THIS IS NO FANTASY becomes a reality

THIS IS NO FANTASY becomes a reality

 THIS IS NO FANTASY
“Nicola Stein and Jemma Clark of Helen Gory Galerie, and Dianne Tanzer are happy to announce that we will now be known as THIS IS NO FANTASY. For the past twelve months THIS IS NO FANTASY and Dianne Tanzer Gallery have enjoyed a number of successful collaborative projects. We are continuing this collaboration and furthering our commitment to the promotion and exhibition of outstanding Australian artists here and overseas.As many of you know, Helen retired from Helen Gory Galerie to enjoy time with her family and develop her own art practice. Helen founded the gallery in 1996 and was recognised for her eye for talent and commitment to nurturing the practices of artists she showed. She enjoyed a long and successful career and was instrumental in launching many artists.

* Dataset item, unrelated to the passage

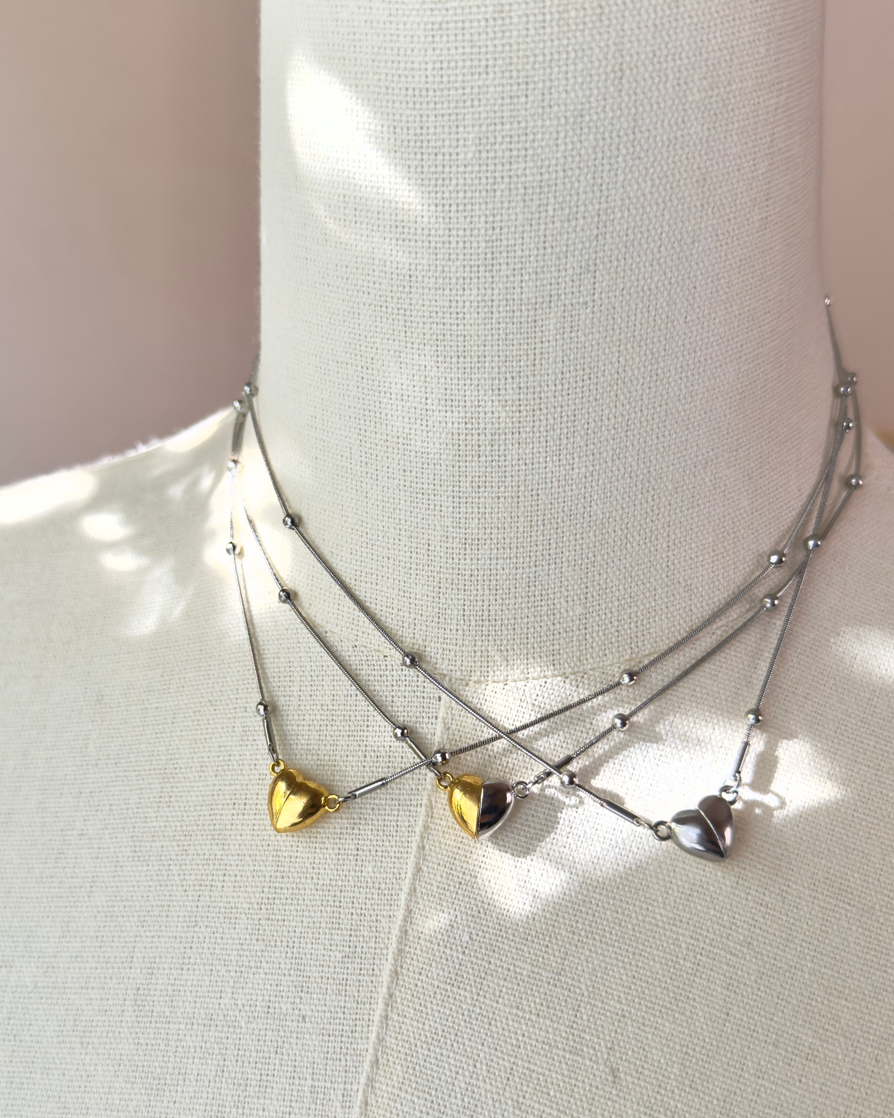 磁力で寄り添うハートモチーフが印象的な、

We want to thank Helen personally and on behalf of the artists she represented so passionately and wish her all the best for the next chapter.We look forward to seeing you soon.

Please visit our website here www.thisisnofantasy.com
And follow along with us on social media
www.facebook.com/thisisnofantasy1
instagram @this_is_no_fantasy
twitter @Thisisnofantasy”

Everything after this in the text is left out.